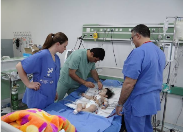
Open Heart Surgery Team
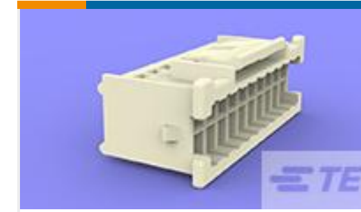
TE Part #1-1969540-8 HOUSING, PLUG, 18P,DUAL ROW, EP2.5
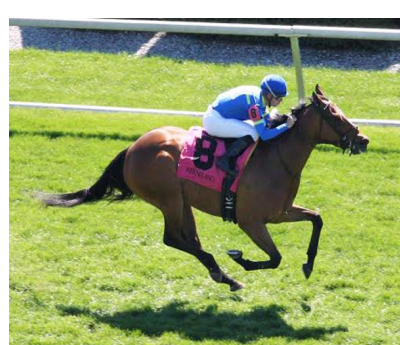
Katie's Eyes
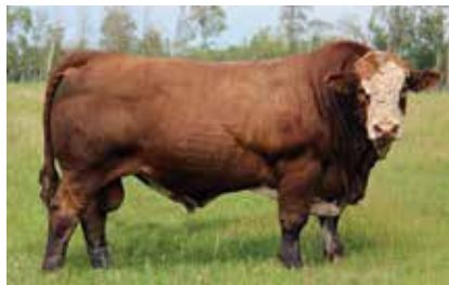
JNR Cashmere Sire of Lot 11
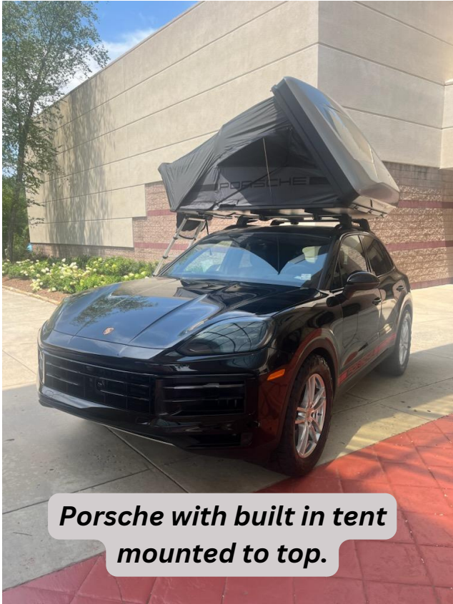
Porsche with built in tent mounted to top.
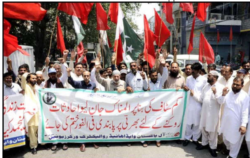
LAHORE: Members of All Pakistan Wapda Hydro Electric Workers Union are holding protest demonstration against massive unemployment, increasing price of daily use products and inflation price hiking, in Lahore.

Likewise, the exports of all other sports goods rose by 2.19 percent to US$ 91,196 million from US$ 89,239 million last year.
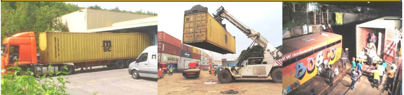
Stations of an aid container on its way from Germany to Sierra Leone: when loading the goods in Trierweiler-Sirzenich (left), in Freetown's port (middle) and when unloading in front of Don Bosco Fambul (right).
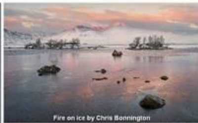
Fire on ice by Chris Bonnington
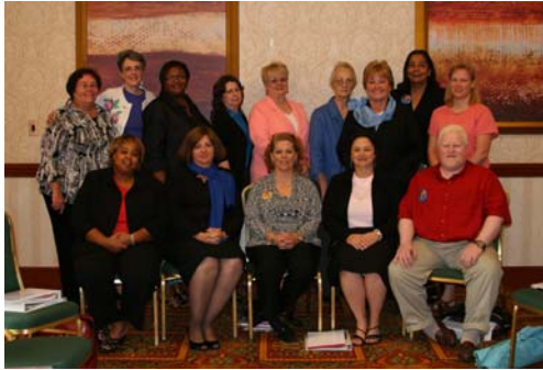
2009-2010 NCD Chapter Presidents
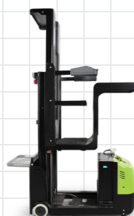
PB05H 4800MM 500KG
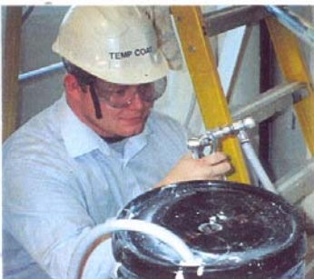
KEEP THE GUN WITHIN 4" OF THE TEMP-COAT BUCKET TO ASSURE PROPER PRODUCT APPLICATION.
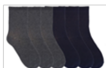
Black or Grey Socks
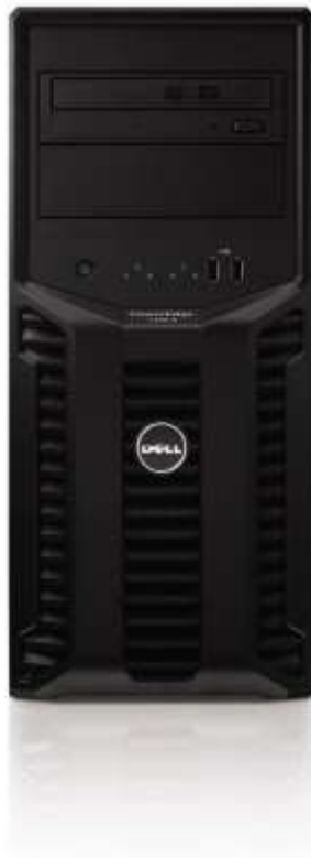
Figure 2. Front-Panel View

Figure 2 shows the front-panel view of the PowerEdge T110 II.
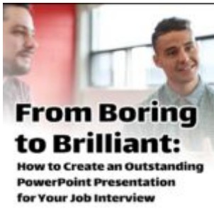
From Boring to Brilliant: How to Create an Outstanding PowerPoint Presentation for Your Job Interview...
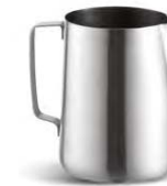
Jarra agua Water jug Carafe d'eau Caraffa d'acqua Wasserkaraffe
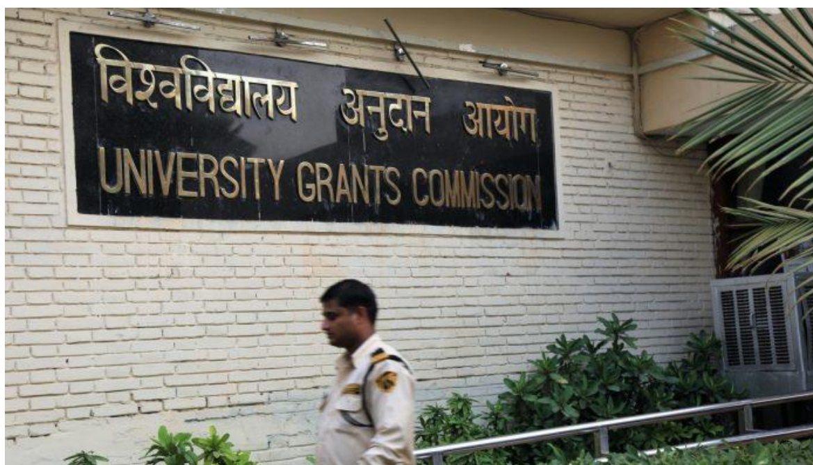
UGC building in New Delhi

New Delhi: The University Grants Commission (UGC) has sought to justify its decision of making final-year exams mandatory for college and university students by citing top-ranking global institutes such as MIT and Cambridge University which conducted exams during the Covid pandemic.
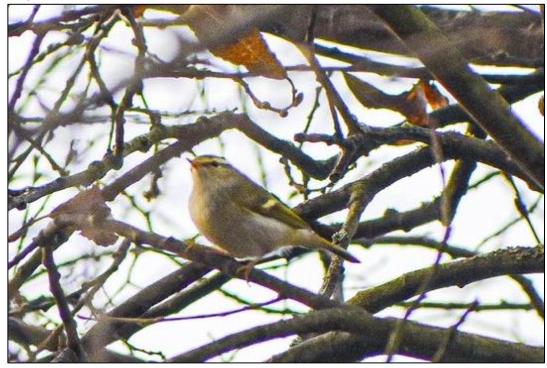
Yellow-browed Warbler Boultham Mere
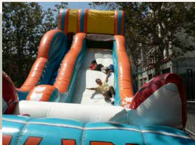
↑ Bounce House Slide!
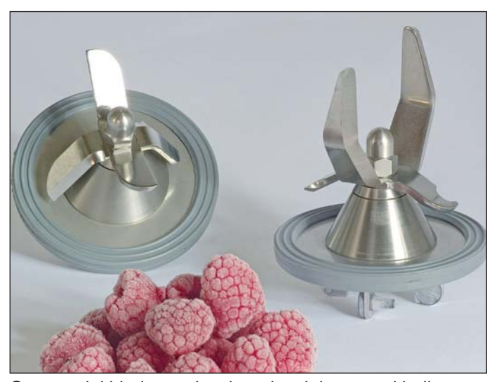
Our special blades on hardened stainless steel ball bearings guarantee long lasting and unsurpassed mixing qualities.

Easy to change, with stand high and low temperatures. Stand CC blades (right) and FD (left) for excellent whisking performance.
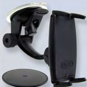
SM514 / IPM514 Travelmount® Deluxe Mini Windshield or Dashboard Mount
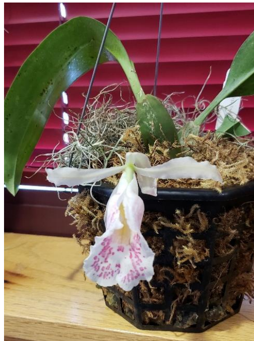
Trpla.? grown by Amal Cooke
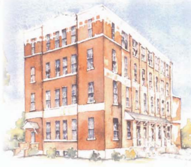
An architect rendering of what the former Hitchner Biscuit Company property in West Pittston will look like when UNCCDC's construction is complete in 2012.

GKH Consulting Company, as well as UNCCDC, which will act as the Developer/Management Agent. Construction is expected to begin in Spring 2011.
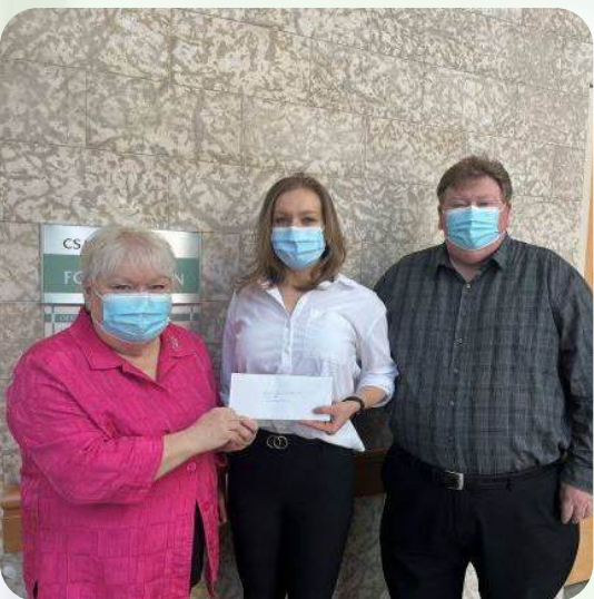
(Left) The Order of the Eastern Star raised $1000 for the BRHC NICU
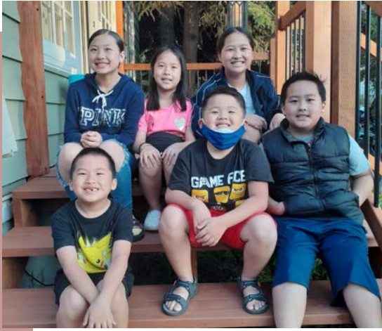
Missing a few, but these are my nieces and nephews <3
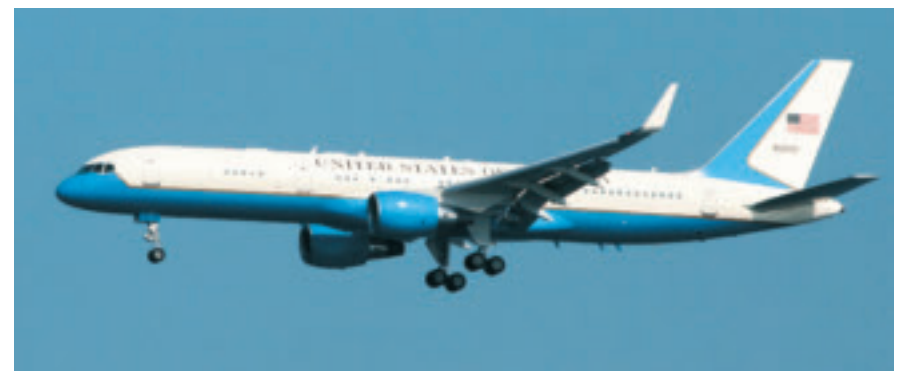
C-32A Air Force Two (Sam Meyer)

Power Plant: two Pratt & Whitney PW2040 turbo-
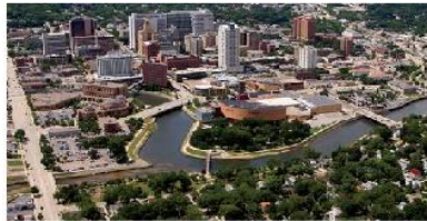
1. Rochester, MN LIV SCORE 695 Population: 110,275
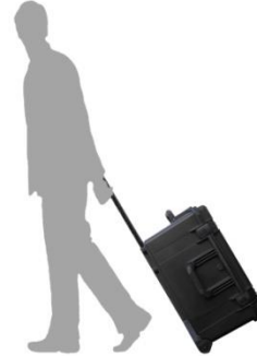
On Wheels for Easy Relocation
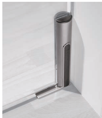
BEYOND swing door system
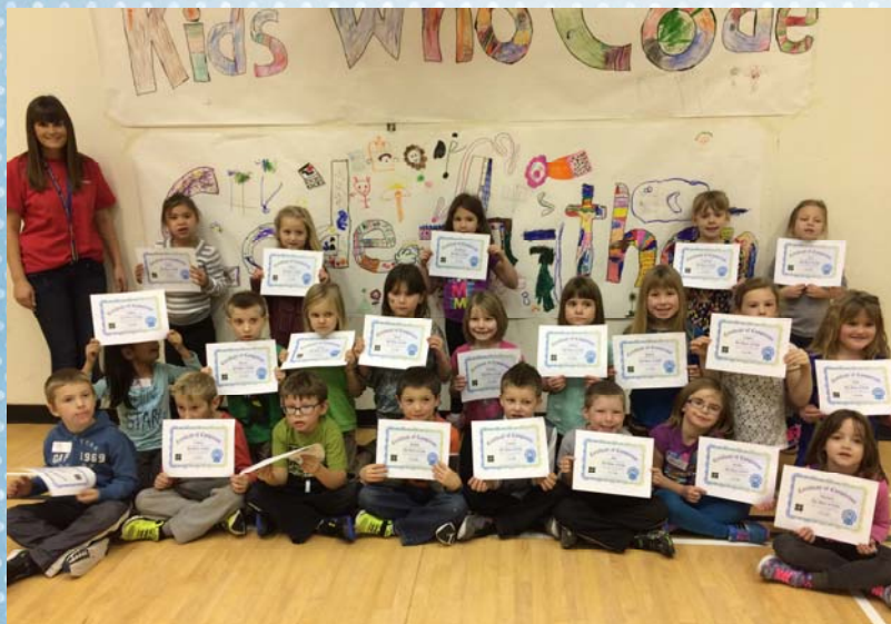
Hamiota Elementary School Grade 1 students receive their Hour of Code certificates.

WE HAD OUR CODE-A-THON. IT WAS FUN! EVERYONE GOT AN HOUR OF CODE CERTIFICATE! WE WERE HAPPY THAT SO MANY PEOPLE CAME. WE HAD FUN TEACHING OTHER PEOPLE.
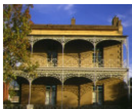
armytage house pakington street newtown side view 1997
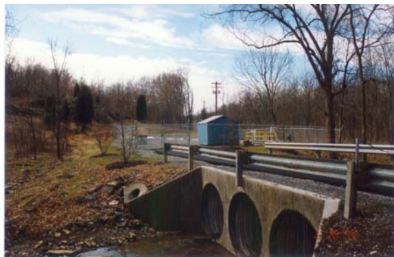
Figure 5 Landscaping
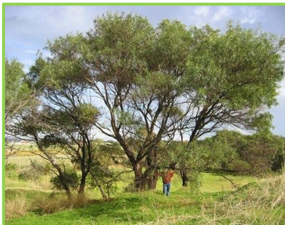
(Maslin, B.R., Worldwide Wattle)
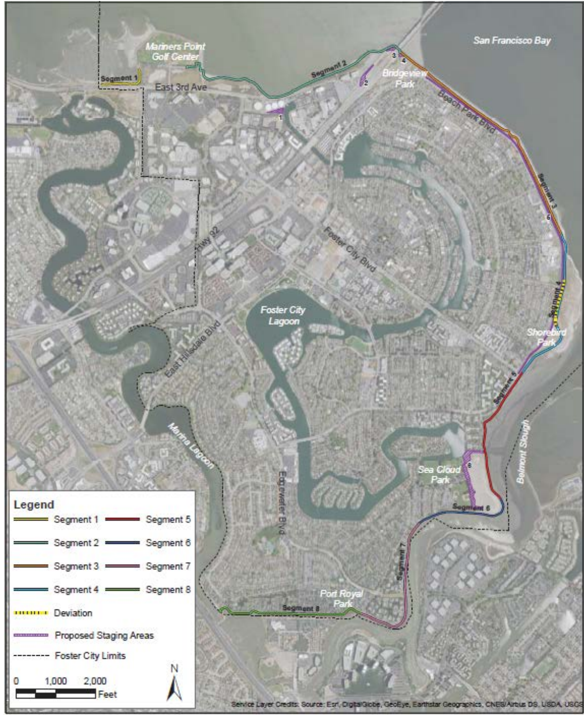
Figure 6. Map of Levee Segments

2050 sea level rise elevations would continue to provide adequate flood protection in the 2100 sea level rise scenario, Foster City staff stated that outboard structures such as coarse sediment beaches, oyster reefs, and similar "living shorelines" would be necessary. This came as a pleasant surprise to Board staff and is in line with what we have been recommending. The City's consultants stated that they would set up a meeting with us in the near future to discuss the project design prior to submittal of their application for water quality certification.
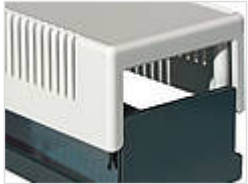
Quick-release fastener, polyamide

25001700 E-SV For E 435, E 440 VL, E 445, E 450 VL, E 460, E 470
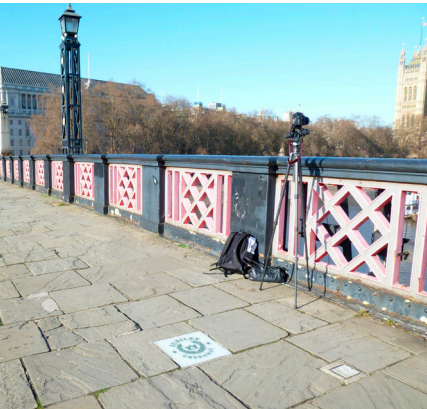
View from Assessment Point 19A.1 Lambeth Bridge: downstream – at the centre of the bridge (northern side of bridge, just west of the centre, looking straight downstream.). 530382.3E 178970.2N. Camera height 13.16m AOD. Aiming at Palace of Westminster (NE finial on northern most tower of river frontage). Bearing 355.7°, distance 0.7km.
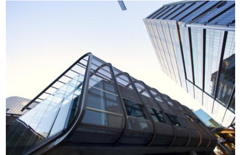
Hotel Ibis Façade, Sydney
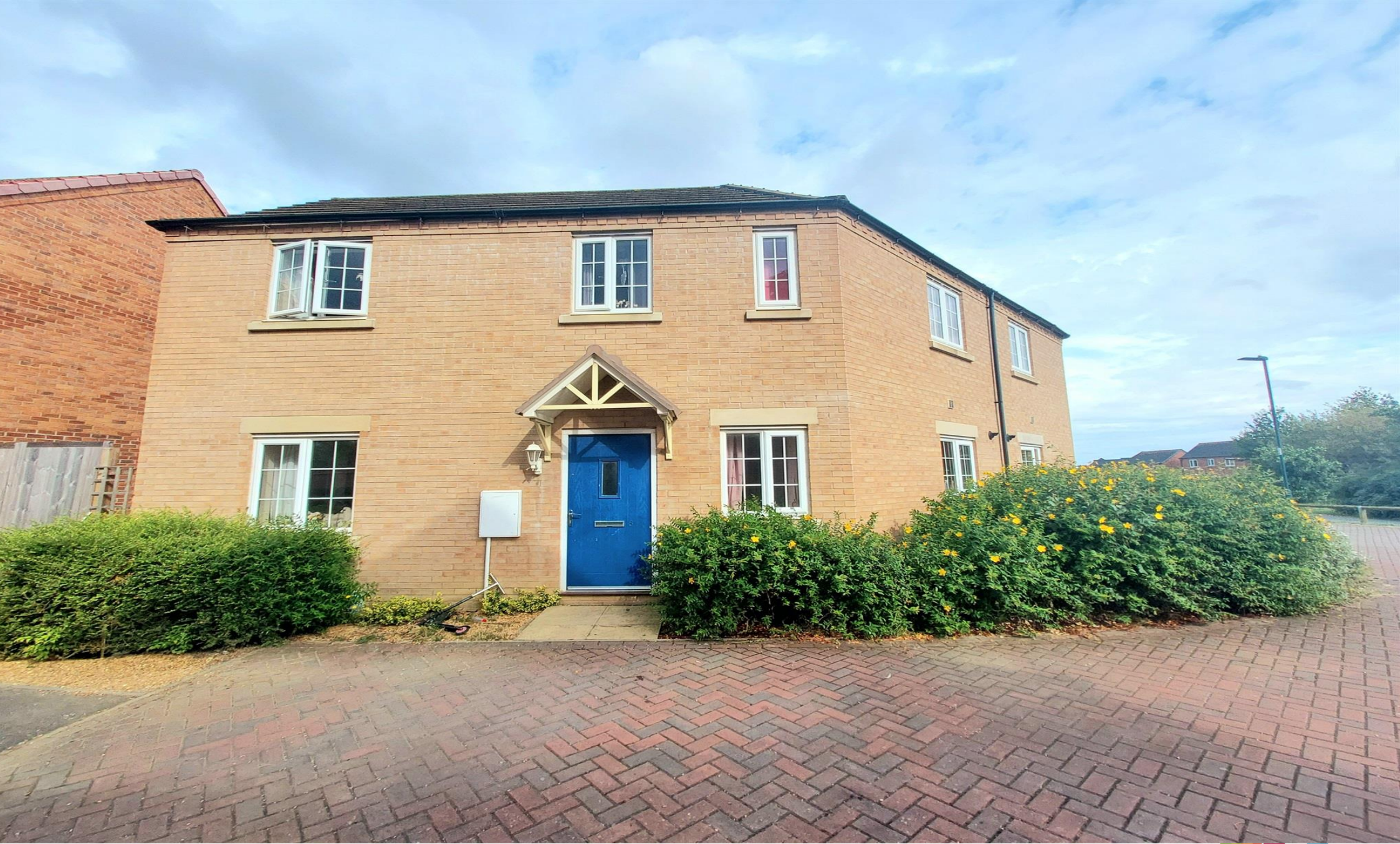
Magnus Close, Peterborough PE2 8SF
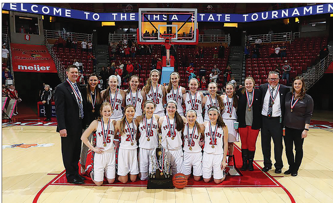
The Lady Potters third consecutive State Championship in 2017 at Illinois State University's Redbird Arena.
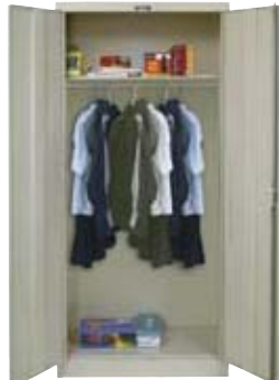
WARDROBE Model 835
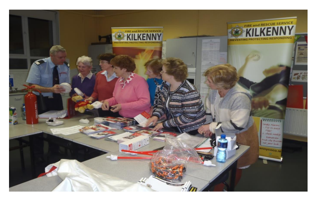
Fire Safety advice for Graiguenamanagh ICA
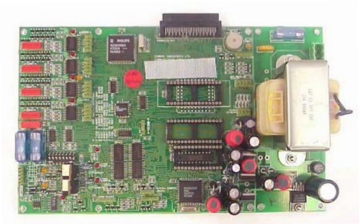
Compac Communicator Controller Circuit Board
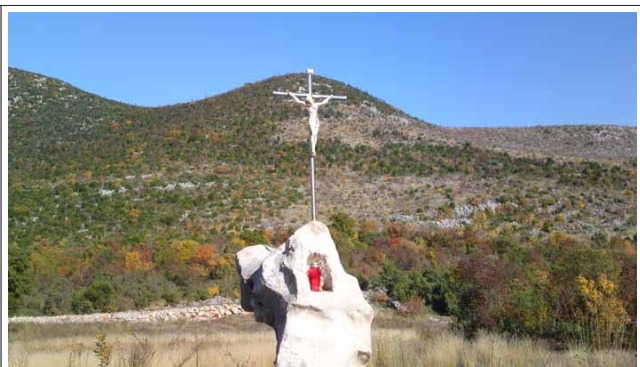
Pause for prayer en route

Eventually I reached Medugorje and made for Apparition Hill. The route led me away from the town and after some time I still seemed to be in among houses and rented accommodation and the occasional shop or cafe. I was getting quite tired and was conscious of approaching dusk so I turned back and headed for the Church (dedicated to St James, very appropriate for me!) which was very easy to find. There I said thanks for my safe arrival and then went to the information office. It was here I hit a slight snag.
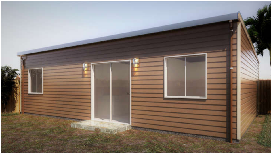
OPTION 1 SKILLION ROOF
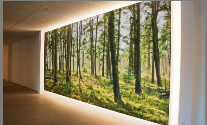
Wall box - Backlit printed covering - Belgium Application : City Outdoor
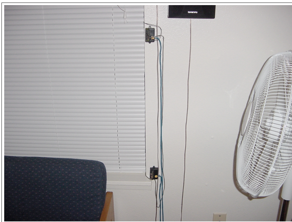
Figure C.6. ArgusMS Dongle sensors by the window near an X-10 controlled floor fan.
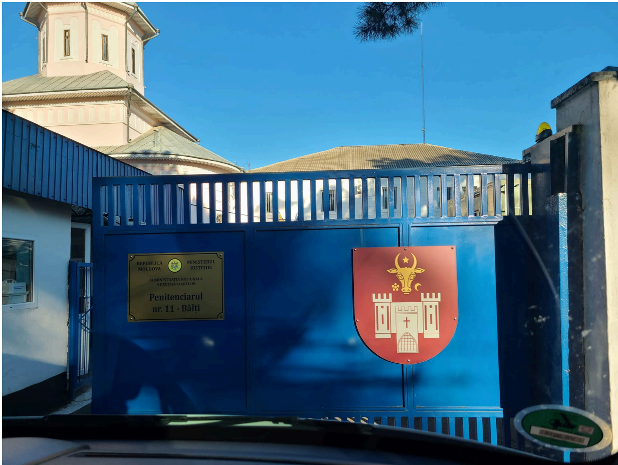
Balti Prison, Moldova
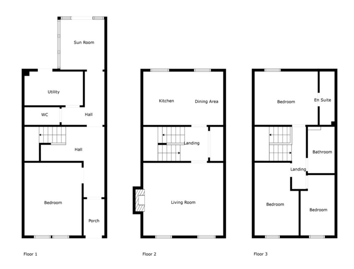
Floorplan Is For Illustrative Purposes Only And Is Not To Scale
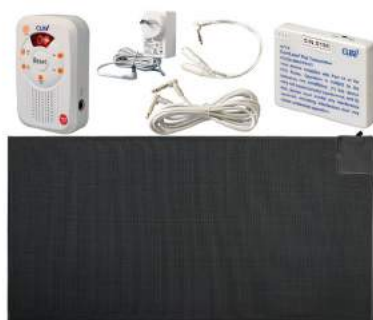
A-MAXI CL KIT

**EXERCISE DETAILS:**
Nothing but a number should be given: the count of lines above in which the word "what" occurs.

**EXPECTED ANSWER:**
2